### AIM OF THE TASK:
When you reach the line containing "穿过凌云寺,便可看到大佛。还", start transcribing exactly and continue through the last line of the data, skipping every picture.

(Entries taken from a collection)
====================
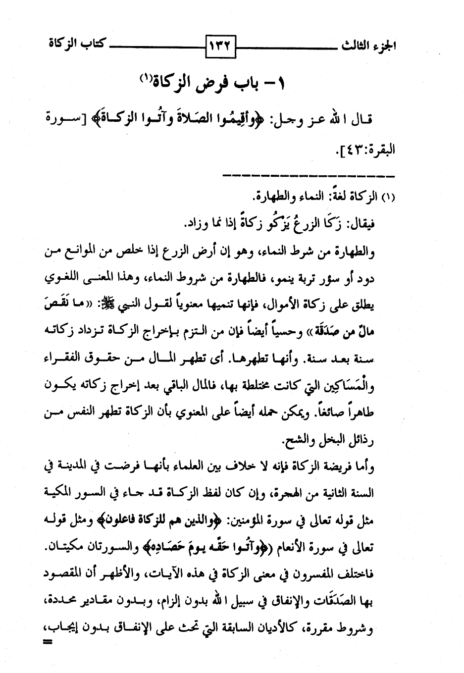 ( 1 - باب فرض الزكاة ) ( 1 ) قال الله عز وجل : ! ( وأقيموا الصلاة وآتوا الزكاة ) ! [ سورة البقرة : 43 ] .
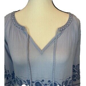 This Tommy Bahama tunic top is a must-have for any boho-chic wardrobe. The lightweight cotton material makes it perfect for any season, while the embroidered accents add a touch of elegance to the blue/lavendar color. The v-neckline and 3/4 sleeves make it a versatile piece that can be dressed up or down. The tunic style and size S make it a great addition to any wardrobe, and the brand's reputation for quality ensures that it will last for years to come.
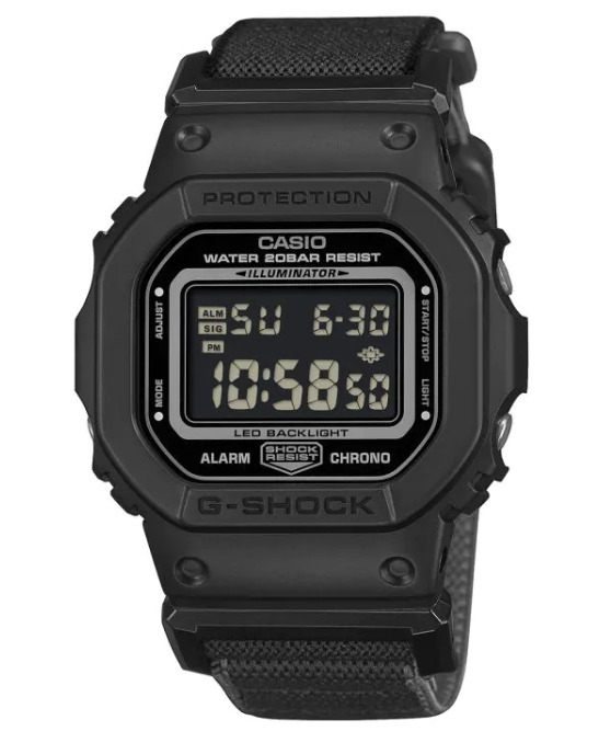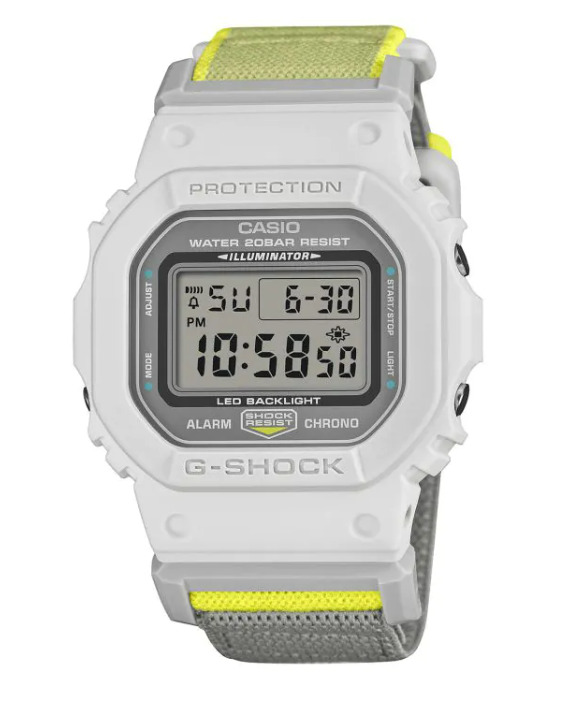 As pulseiras são o que torna essa próxima série tão exclusiva. Em vez da habitual pulseira de resina, os modelos DW-5600MNC apresentam uma pulseira cruzada em estilo de tecido. O tecido parece ser em camadas, com textura visível e revestimentos internos contrastantes. Em uma variante cinza-clara (DW-5600MNC-7A8), a pulseira mostra um acento interno amarelo brilhante que aparece nas bordas superior e inferior. A versão preta (DW-5600MNC-1) tem um visual mais discreto com uma pulseira de tecido escuro combinando. Outro modelo, o DW-5600MNC-BA2, usa uma caixa escura com uma pulseira multicolorida, com detalhes em azul e laranja nas laterais. Embora as informações detalhadas sobre o material não tenham sido confirmadas, as pulseiras parecem ser mais grossas do que as pulseiras de náilon padrão.
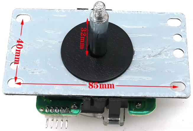El modelo de palanca usado es básico y resistente. Consta de 4 interruptores internos unidos por uno de sus bornes que emplearemos de masa común y que corresponden como es lógico a las 4 direcciones espaciales posibles. De esa manera y como se puede observar en las imágenes, se necesitan solo 5 pines para su uso.
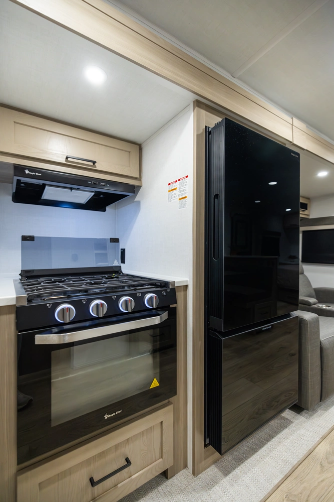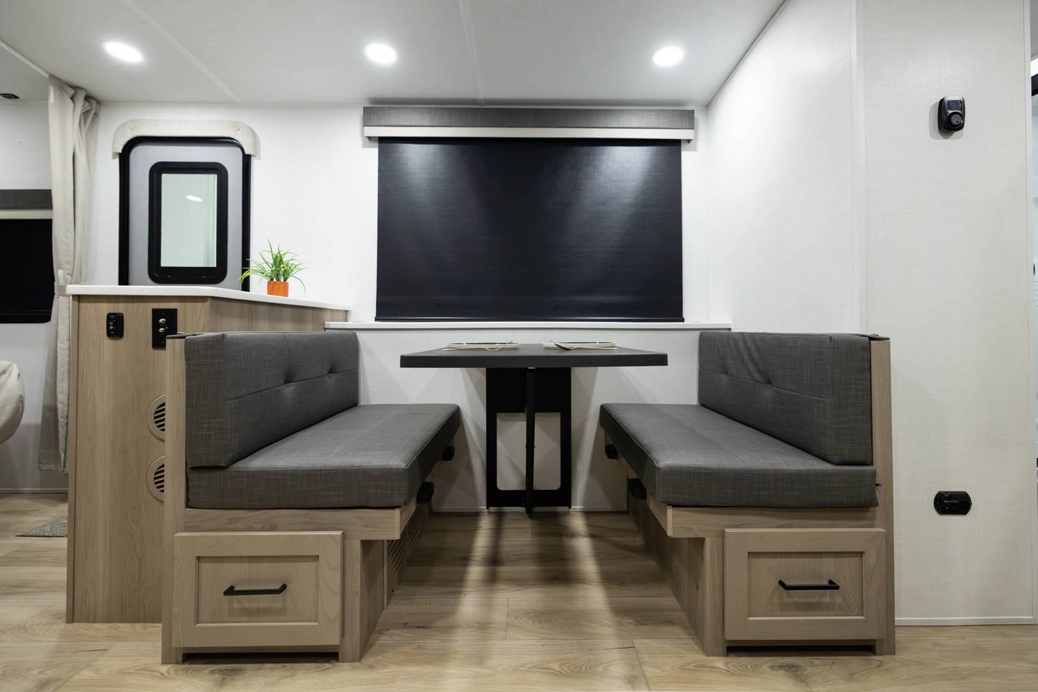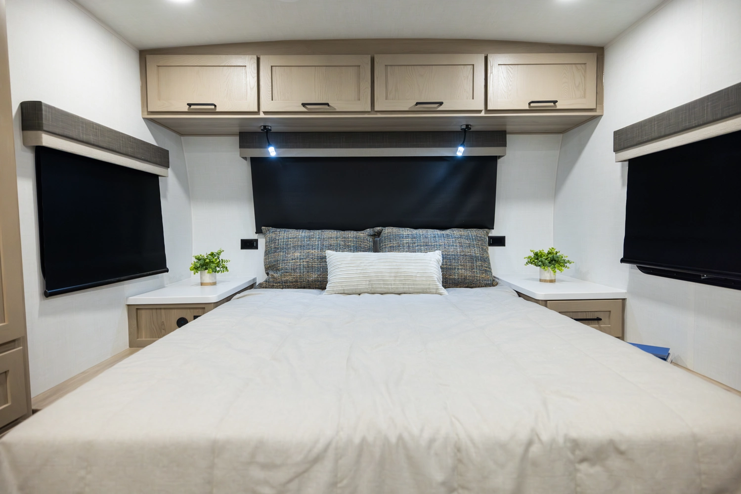 The 2522FB is a beautiful front bedroom floor plan featuring a unique wardrobe/pantry slideout for exceptional storage and organization. The living area includes theater seating directly across from the adjustable “televator” which raises for TV viewing and lowers so you can enjoy the massive door side window views. A versatile dinette and spacious rear kitchen with plenty of counter space completes the thoughtful design.
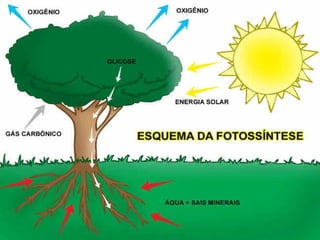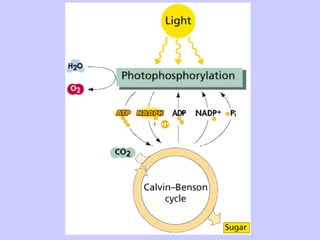 O documento descreve os processos da fotossíntese em plantas. A fotossíntese ocorre em dois estágios: a etapa fotoquímica, onde a luz é absorvida pela clorofila para produzir ATP e NADPH; e a etapa química sem luz, onde o CO2 é fixado usando ATP e NADPH para produzir glicose. O documento também descreve os componentes dos cloroplastos onde ocorre a fotossíntese e as reações envolvidas na quebra da água e produ
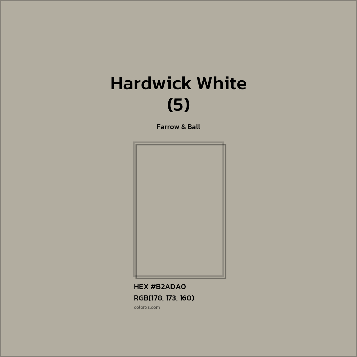Hardwick White (5) color belongs to the Gray Gray Green color family (hue). The hexadecimal color code(color number) for Hardwick White (5) is #B2ADA0, and the RGB color code is RGB(178, 173, 160).
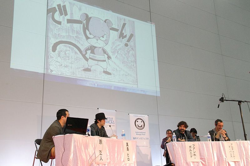 Pantherlily, el personaje del manga de Mashima Hiro aparece en la proyección durante la charla en vivo en el Festival Internacional del Cómic de Tokio.
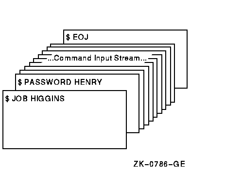 The JOB and PASSWORD commands mark the beginning of a batch job submitted through the card reader; the EOJ command marks the end of the job.
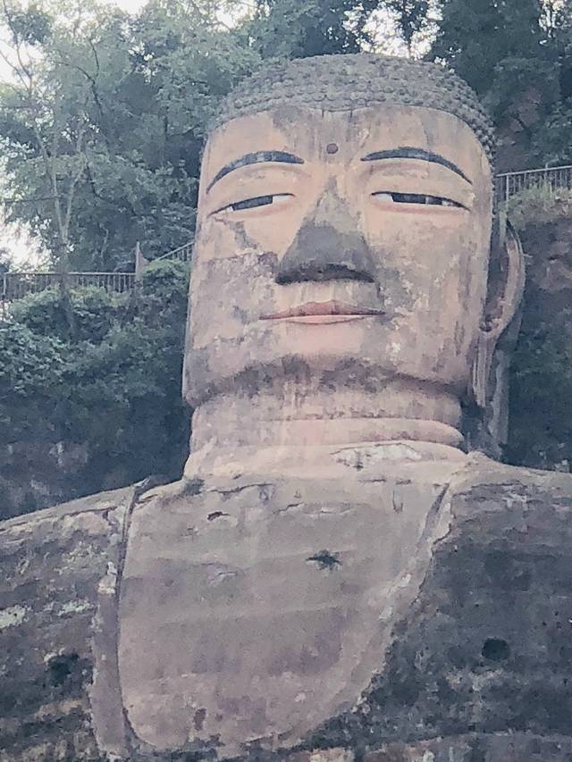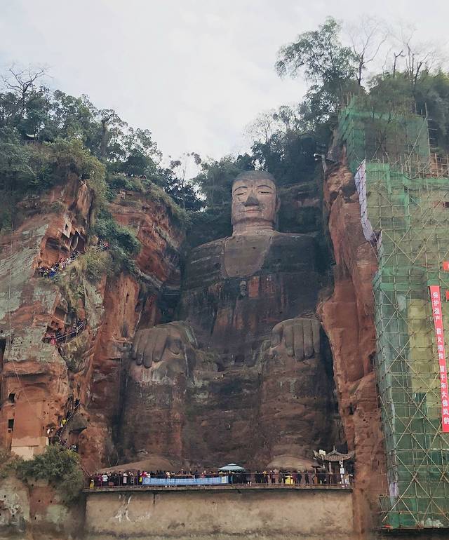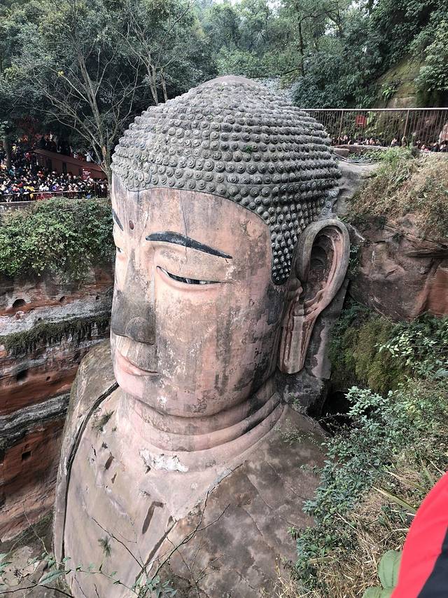 穿过凌云寺,便可看到大佛。还可以顺着石阶下到大佛脚下,一睹其全貌。但是因为人太多,排队就得等三四个小时,考虑时间因素,我们没有下去,就在山上看了看大佛。
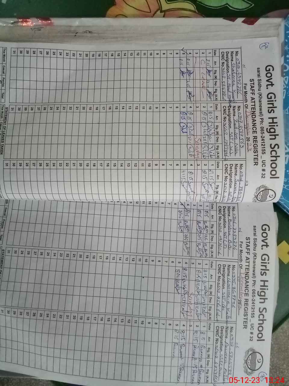 | CNIC | Full Name | Designation | R/C | Absence during last cal. month |
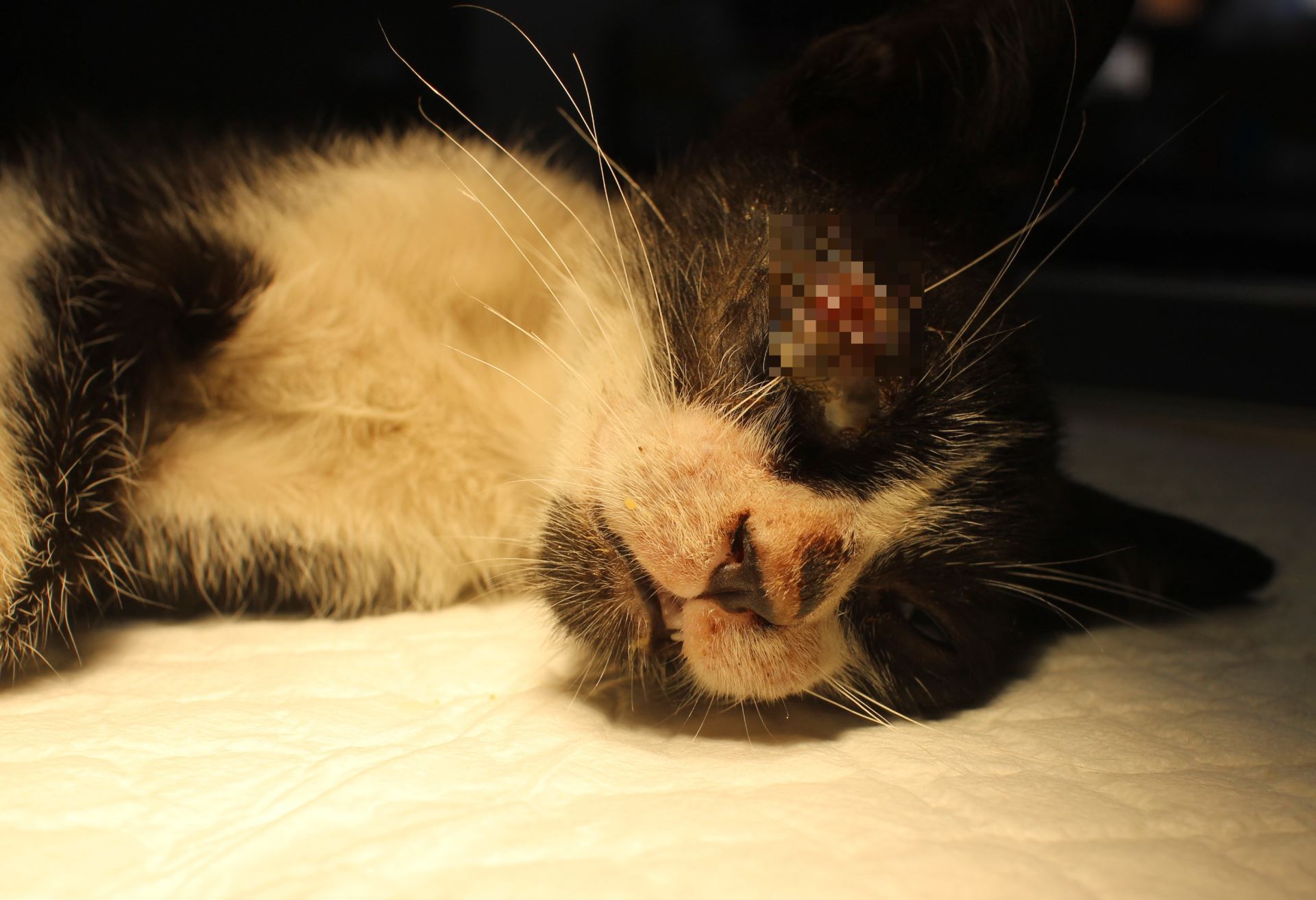 日前,新北市政府動物保護防疫處接獲通報,指出汐止區福德二路路旁有一隻小黑白貓嚴重受傷。
====================
### RESPONSE:
 穿过凌云寺,便可看到大佛。还可以顺着石阶下到大佛脚下,一睹其全貌。但是因为人太多,排队就得等三四个小时,考虑时间因素,我们没有下去,就在山上看了看大佛。
 | CNIC | Full Name | Designation | R/C | Absence during last cal. month |
 日前,新北市政府動物保護防疫處接獲通報,指出汐止區福德二路路旁有一隻小黑白貓嚴重受傷。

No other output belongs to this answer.